--- Material provided ---
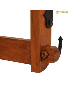 Maak je klaar om trots je zwaarden tentoon te stellen met onze houten standaard met twee niveaus en haken! Gemaakt van massief hout van de hoogste kwaliteit en traditioneel vakmanschap, zorgt deze standaard voor duurzaamheid en langdurige schoonheid. Vergeet nephouten standaards van lage kwaliteit, we hebben het hier over echt massief hout!
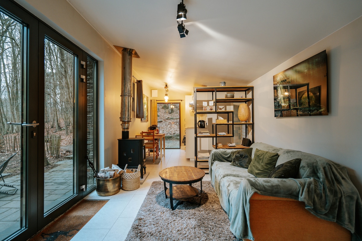 Welcome to the "Copa Cabana", very bright, at the bottom of a garden. Ideal and private little paradise to recharge your batteries and take care of yourself in beautiful nature. Sit on the hanging terrace, amidst the trees, in a splendid setting and wake up to the sound of birds singing! Walk along the marked trails, explore the mountain bike trails, visit the Abbey of Villers and breathe the air of the forest, perhaps crossing a beaver 10 min walk away.
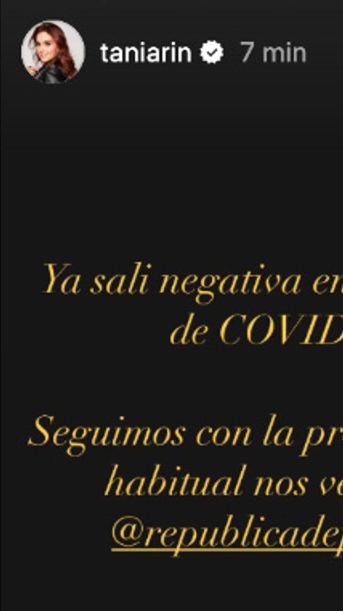Sin embargo, a unas horas de anunciar su diagnóstico, la presentadora contó que ya había dado negativo a su prueba y se mostró feliz porque al parecer, seguirá con sus actividades normales.
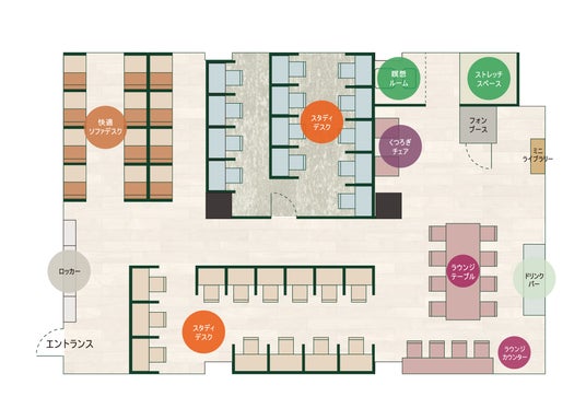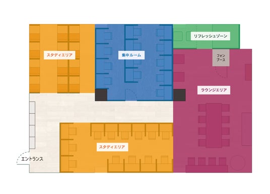 定番の仕切り付きスタディデスク、外界からの影響を軽減する「集中ルーム」、カフェ感覚のソファとデスクを融合させた「快適ソファデスク」、居心地よく作業ができる「ラウンジエリア」、さらに読書にぴったりな「くつろぎチェア」など多彩な選択肢をご用意しています。
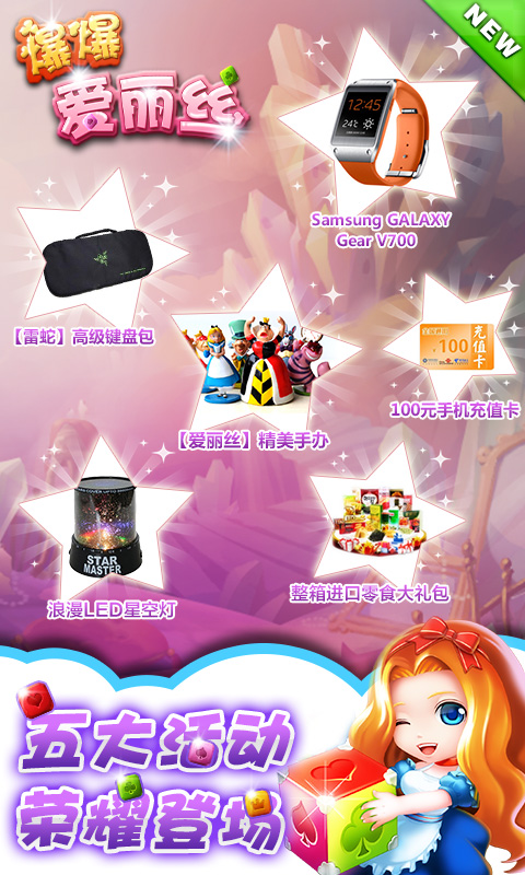 既然要完爆POPSTAR,闯关必不可少!《爆爆爱丽丝》闯关20余种模式、100多关闯关关卡足以完爆星星,剩下的就看你的啦!7月4日起,玩家将《爆爆爱丽丝》完整通关或者全三星完整通关截图发布至官方微信,就有机会获得浪漫星空灯、豪华进口零食!此外,这些发送通关截图的玩家还将有机会获得三星Galaxy Gear 智能腕表哦!豪礼不容错过,详情请关注官方微信(baijuzi520)!
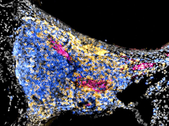 As you take a deep, calming breath in through your nose, countless potentially threatening foreign particles are filtered from the air before it rushes into your lungs. Our immune system constantly watches for unwanted invaders like viruses and bacteria, so how does it resist the temptation to leap into action against every one of these harmless fragments? A new study found that the protective immune cells resident in the mucus that lines our nasal passages (pictured with immune B (blue) and T (yellow) cells highlighted) are kept calm by the soothing presence of another member of the immune system: dendritic cells. However when action really is needed, different dendritic cells arrive and rally the troops. The researchers then trialled a new form of vaccine that encouraged this recruitment process, boosting the immune response and hence improving efficacy, when the global need for vaccines has never been greater.
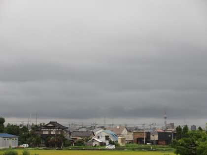 写真上段は、雨が降り始める前のどんよりと黒い雲に覆われた状態です。
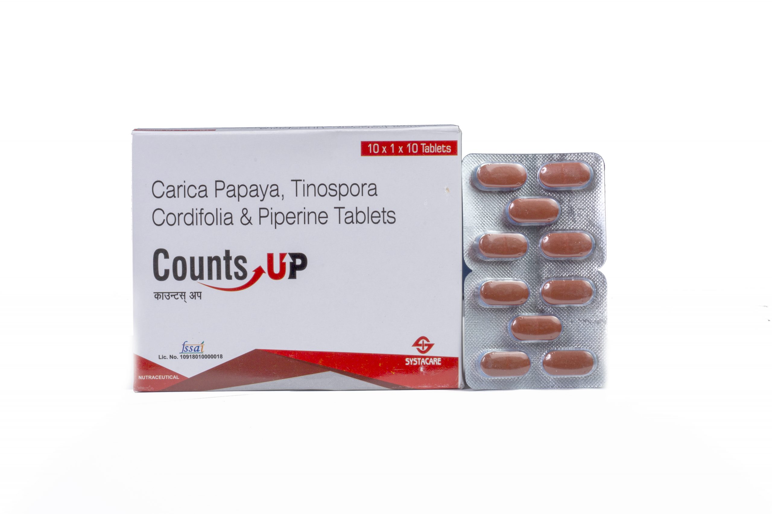| COUNTS UP TAB | Carica papaya 1100mg+Tinospora 50mg+Piperine 5mg | 10 x 10 (Alu-Alu) |
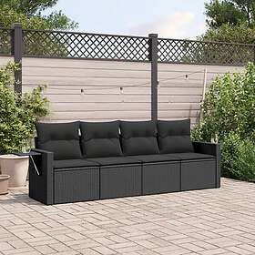 vidaXL Soffgrupp för trädgård med dynor 4 delar svart konstrotting 3253402
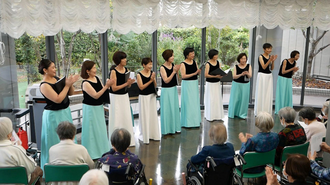 入居者の皆さまと昭和の懐かしい歌を一緒に歌い、熱唱してくださいました。
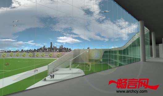 设计方案有意的想让学生能感受到室内学习区域与室外活动区域的紧密融合之感,因此,走廊都是沿外墙建造的,这就加强了教室和室外的联系。同时,学校的功能区域设计也力图将户外场地、室外功能区、室内学习区和UNO整体建筑规划全部考虑进去,合理布局。大楼的底部是几个阶梯教室和足球场,它们形成了校园的轮廓,在往上走便是教室和教师办公室,而大楼的顶部则是学生活动中心,这里与城市美景相容,意图在激励学生和附近居民不断向上、发挥潜能。同时,这也意在建造一些广阔的区域,来方便学生和周围居民的活动。该项目力图达到美国绿色建筑协会的银级标准。
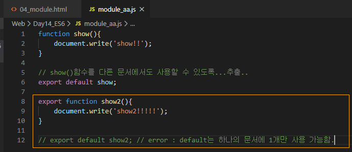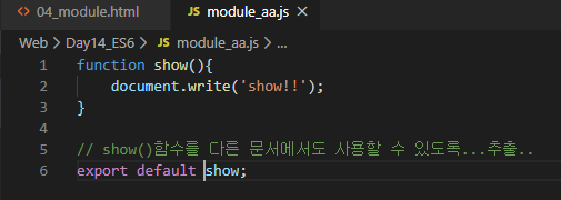 함수 show()를 만들었다. 그리고 다른 문서에서 사용을 하려면 esport default를 해야 사용가능하다.
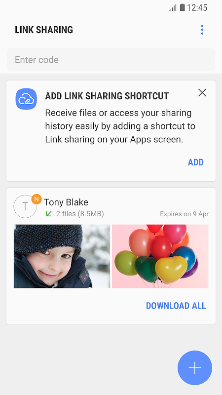 . Send to contacts, Create a link, Share with Code
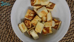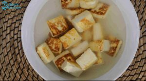 - Take out these fried paneer and add hot water to it and set it aside. Soaking paneer in hot water helps to retain their softness
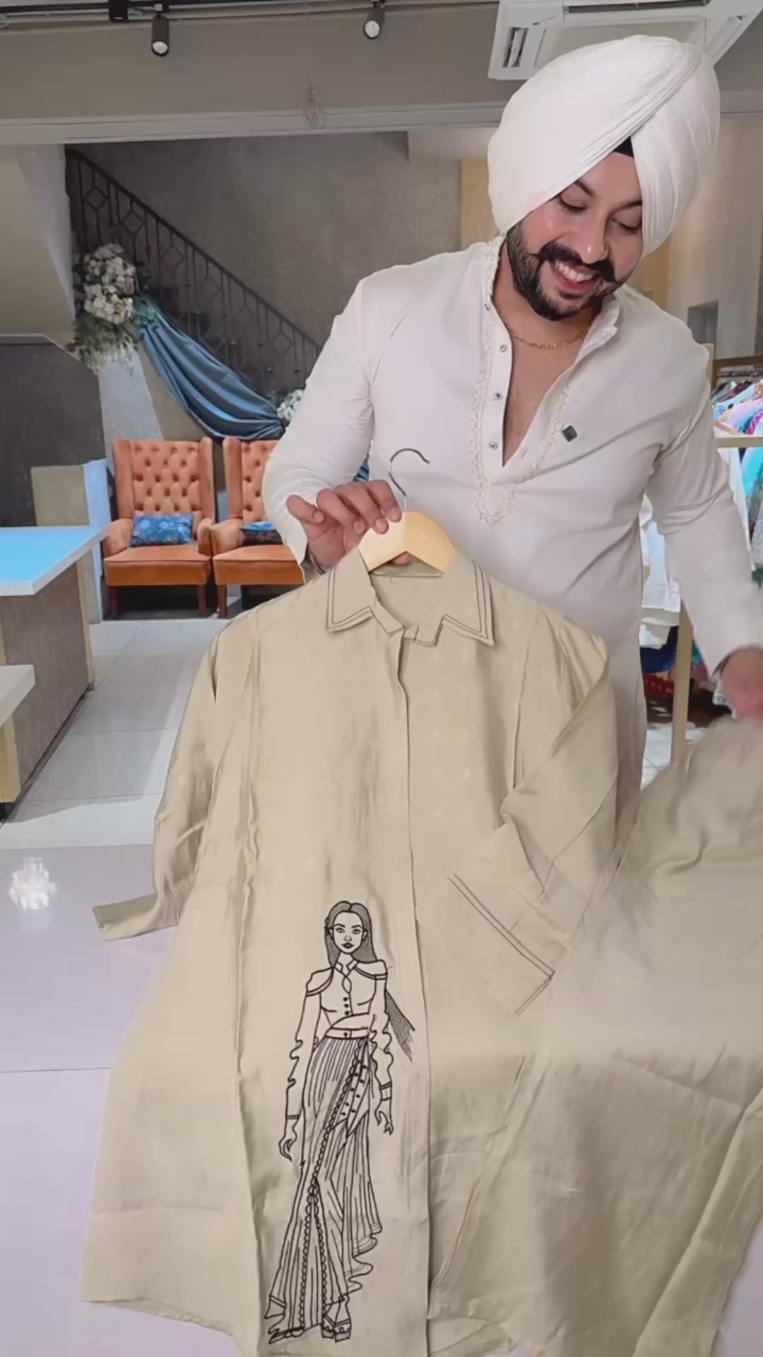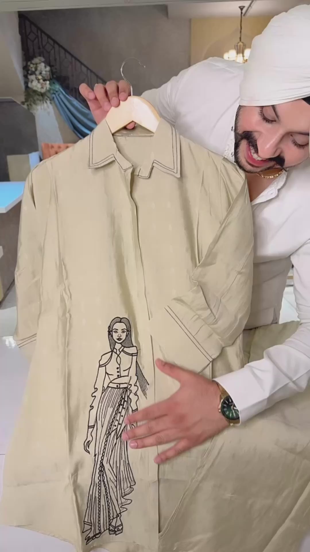 Nude Color Soft silk Collar Neck Doll Embroidered Coord set
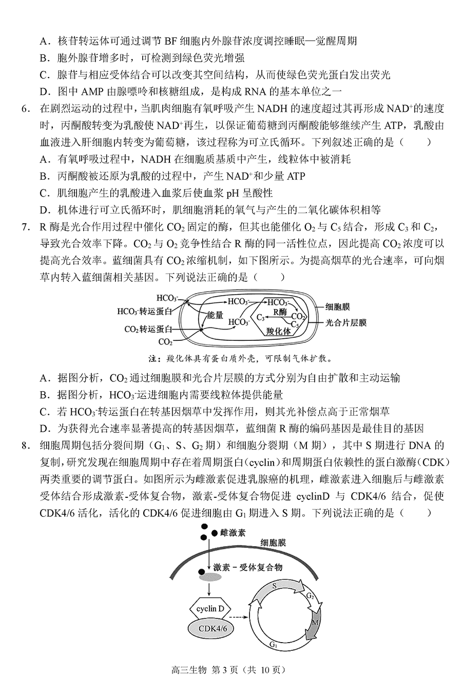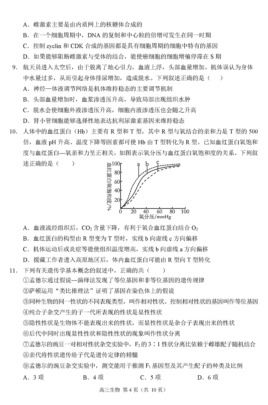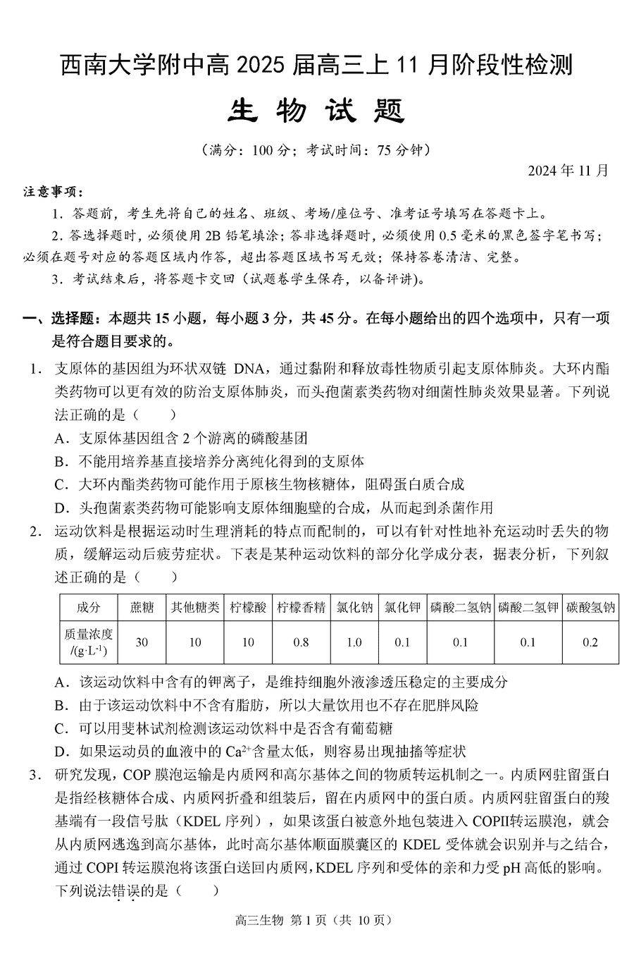 西南大学附中2025届高三上11月阶段性检测生物试题及答案
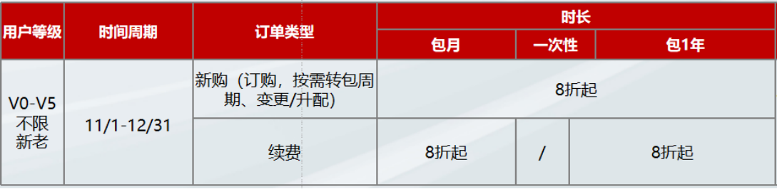 V0-V5全等级用户均可参与,覆盖多种订单类型,无需凑单直接享优惠。计算、存储、数据库、PaaS服务等主流产品均有专属折扣,适配企业不同业务模块采购需求。
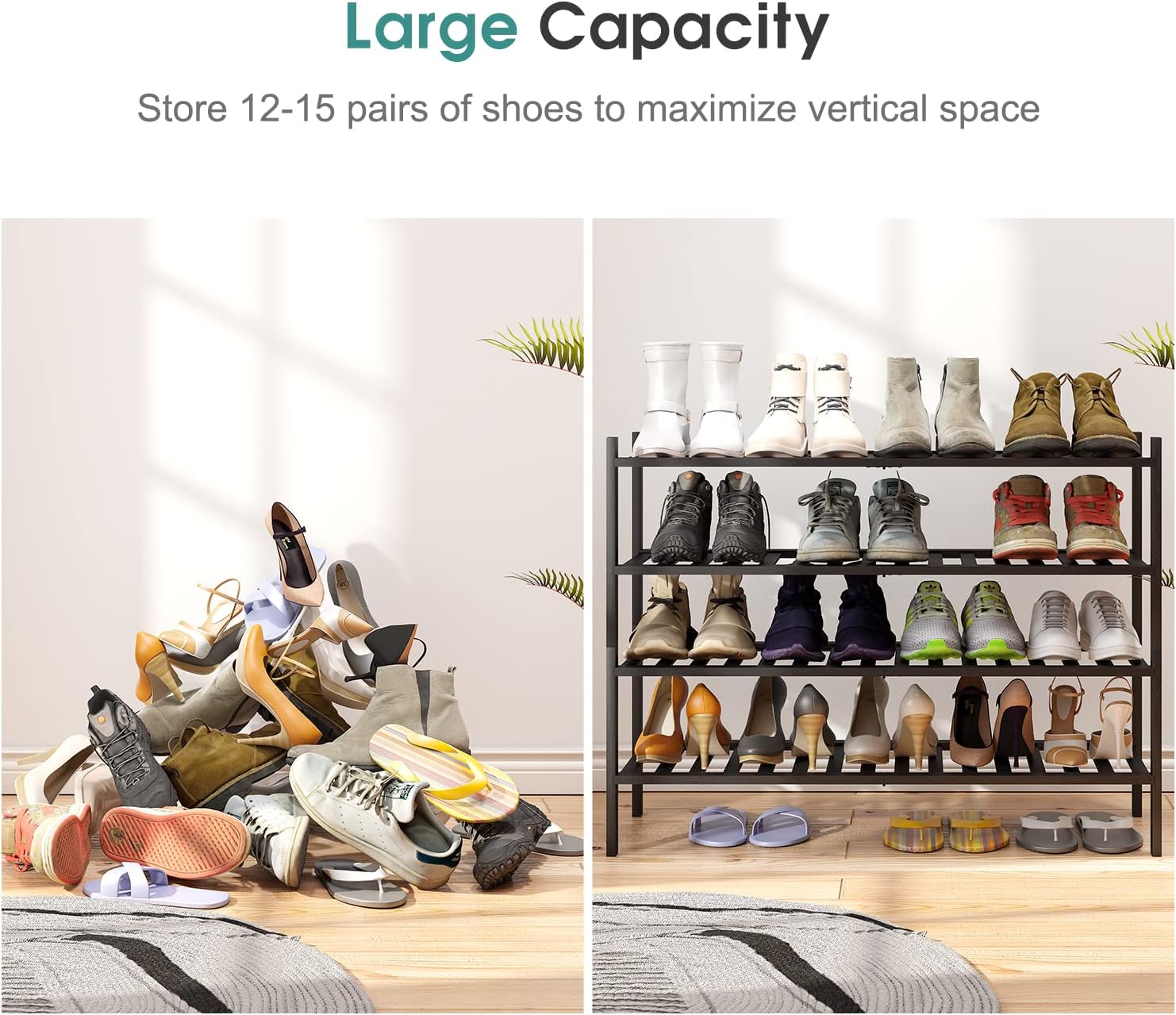 - Large Shoe Rack for 12-15 Pairs: 4 pairs of adult shoes can be placed on each layer
---
* Exercise directions:
Pictures do not belong in the copy. Reproduce the rest of the data exactly.

* Response:
 Maak je klaar om trots je zwaarden tentoon te stellen met onze houten standaard met twee niveaus en haken! Gemaakt van massief hout van de hoogste kwaliteit en traditioneel vakmanschap, zorgt deze standaard voor duurzaamheid en langdurige schoonheid. Vergeet nephouten standaards van lage kwaliteit, we hebben het hier over echt massief hout!
 Welcome to the "Copa Cabana", very bright, at the bottom of a garden. Ideal and private little paradise to recharge your batteries and take care of yourself in beautiful nature. Sit on the hanging terrace, amidst the trees, in a splendid setting and wake up to the sound of birds singing! Walk along the marked trails, explore the mountain bike trails, visit the Abbey of Villers and breathe the air of the forest, perhaps crossing a beaver 10 min walk away.
Sin embargo, a unas horas de anunciar su diagnóstico, la presentadora contó que ya había dado negativo a su prueba y se mostró feliz porque al parecer, seguirá con sus actividades normales.
 定番の仕切り付きスタディデスク、外界からの影響を軽減する「集中ルーム」、カフェ感覚のソファとデスクを融合させた「快適ソファデスク」、居心地よく作業ができる「ラウンジエリア」、さらに読書にぴったりな「くつろぎチェア」など多彩な選択肢をご用意しています。
 既然要完爆POPSTAR,闯关必不可少!《爆爆爱丽丝》闯关20余种模式、100多关闯关关卡足以完爆星星,剩下的就看你的啦!7月4日起,玩家将《爆爆爱丽丝》完整通关或者全三星完整通关截图发布至官方微信,就有机会获得浪漫星空灯、豪华进口零食!此外,这些发送通关截图的玩家还将有机会获得三星Galaxy Gear 智能腕表哦!豪礼不容错过,详情请关注官方微信(baijuzi520)!
 As you take a deep, calming breath in through your nose, countless potentially threatening foreign particles are filtered from the air before it rushes into your lungs. Our immune system constantly watches for unwanted invaders like viruses and bacteria, so how does it resist the temptation to leap into action against every one of these harmless fragments? A new study found that the protective immune cells resident in the mucus that lines our nasal passages (pictured with immune B (blue) and T (yellow) cells highlighted) are kept calm by the soothing presence of another member of the immune system: dendritic cells. However when action really is needed, different dendritic cells arrive and rally the troops. The researchers then trialled a new form of vaccine that encouraged this recruitment process, boosting the immune response and hence improving efficacy, when the global need for vaccines has never been greater.
 写真上段は、雨が降り始める前のどんよりと黒い雲に覆われた状態です。
| COUNTS UP TAB | Carica papaya 1100mg+Tinospora 50mg+Piperine 5mg | 10 x 10 (Alu-Alu) |
 vidaXL Soffgrupp för trädgård med dynor 4 delar svart konstrotting 3253402
 入居者の皆さまと昭和の懐かしい歌を一緒に歌い、熱唱してくださいました。
 设计方案有意的想让学生能感受到室内学习区域与室外活动区域的紧密融合之感,因此,走廊都是沿外墙建造的,这就加强了教室和室外的联系。同时,学校的功能区域设计也力图将户外场地、室外功能区、室内学习区和UNO整体建筑规划全部考虑进去,合理布局。大楼的底部是几个阶梯教室和足球场,它们形成了校园的轮廓,在往上走便是教室和教师办公室,而大楼的顶部则是学生活动中心,这里与城市美景相容,意图在激励学生和附近居民不断向上、发挥潜能。同时,这也意在建造一些广阔的区域,来方便学生和周围居民的活动。该项目力图达到美国绿色建筑协会的银级标准。
 함수 show()를 만들었다. 그리고 다른 문서에서 사용을 하려면 esport default를 해야 사용가능하다.
 . Send to contacts, Create a link, Share with Code
 - Take out these fried paneer and add hot water to it and set it aside. Soaking paneer in hot water helps to retain their softness
 Nude Color Soft silk Collar Neck Doll Embroidered Coord set
 西南大学附中2025届高三上11月阶段性检测生物试题及答案
 V0-V5全等级用户均可参与,覆盖多种订单类型,无需凑单直接享优惠。计算、存储、数据库、PaaS服务等主流产品均有专属折扣,适配企业不同业务模块采购需求。
 - Large Shoe Rack for 12-15 Pairs: 4 pairs of adult shoes can be placed on each layer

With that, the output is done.